The main mathematical issue is with Kellogg’s claim that spheres are optimal for delivering more glaze. In reality, a sphere has the minimum surface area for a given volume, meaning it would actually deliver the least glaze per amount of cereal, not the most. The video explains that if you want to maximize the amount of glaze, a more complex shape like a torus would be better, as it has more surface area for the same volume. The presenter also discusses the origin of the term “donut hole,” clarifying that in American cuisine, it refers to a small edible sphere, even though real donuts are not made by punching out a sphere from the center.
The presenter then shares new information from a Reddit user who contacted Kellogg’s for clarification. Kellogg’s response was that, for a given amount of cereal and glaze, a sphere allows for a thicker layer of glaze because it has less surface area than a torus. Therefore, with the same mass of glaze, the coating on a sphere will be thicker than on a donut-shaped piece. The company’s argument is that “more glaze” refers to a thicker layer, not a greater total amount of glaze.
To test this, the presenter conducts a practical demonstration by icing two cakes: one shaped like a sphere and one like a torus, each with the same amount of cake and icing. The result confirms Kellogg’s logic: the spherical cake ends up with a much thicker layer of icing, while the torus cake’s icing is spread thinly over a larger area. This supports Kellogg’s claim, provided “more glaze” means a thicker coating rather than a greater total quantity.

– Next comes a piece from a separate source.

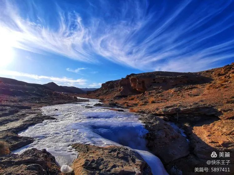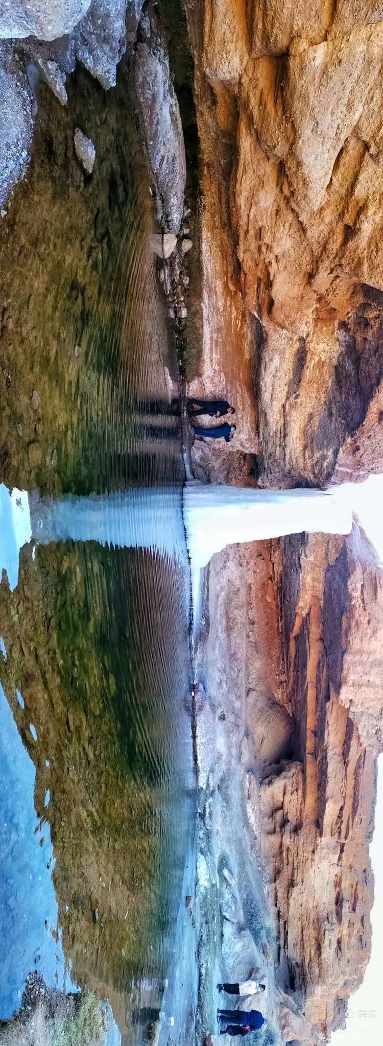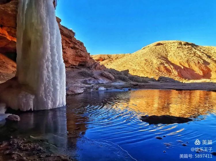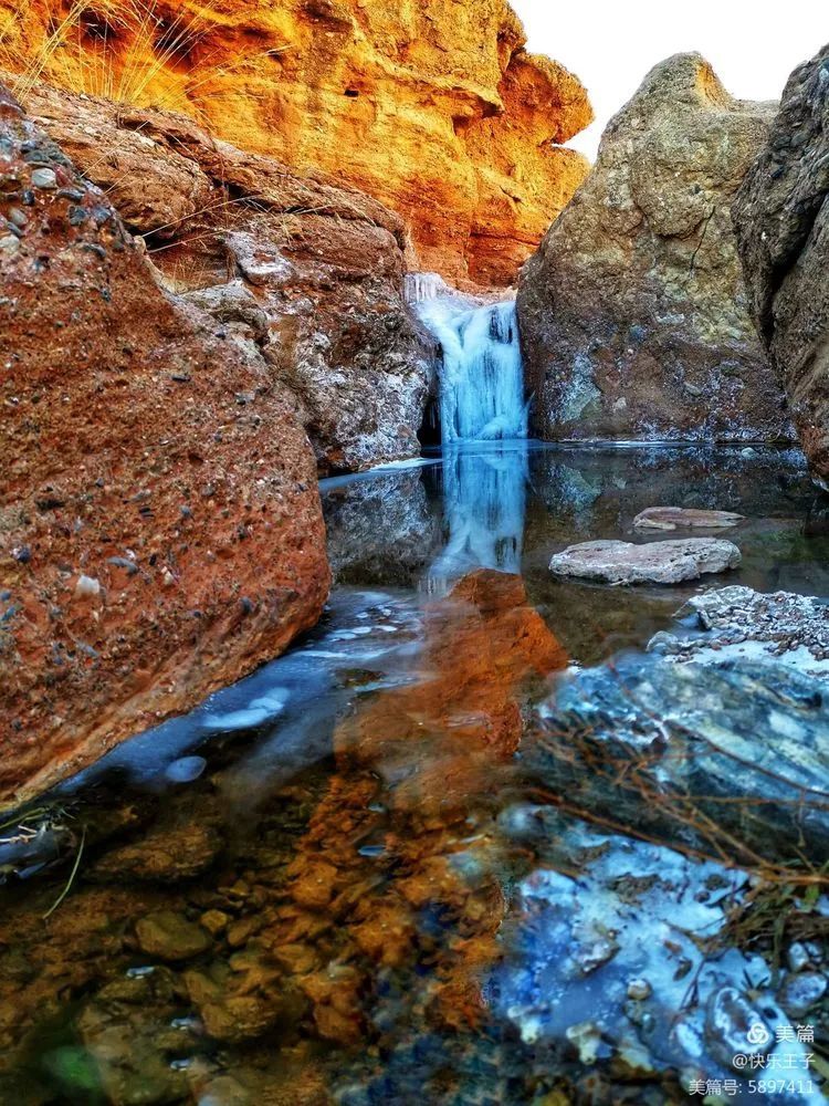 一眼泉水,喷涌而出。涓涓细流,顺沟而下,在寒冷的冬季,行成壮美的冰河和下游的梯级冰瀑,与蓝天白云和丹霞地貌遥相呼应,在镍都金昌的西北方向构成一幅炫丽的画卷。

In conclusion, the video acknowledges that Kellogg’s mathematical reasoning is valid if interpreted as “thicker glaze per piece,” though their explanation and use of formulas could be clearer and more accurate. The presenter encourages companies to include more math in their marketing, even if it’s not perfect, as it promotes mathematical thinking in everyday life. He urges Kellogg’s to fix the typo on their packaging and praises the effort to make math part of popular culture, while also inviting viewers to his live shows and events.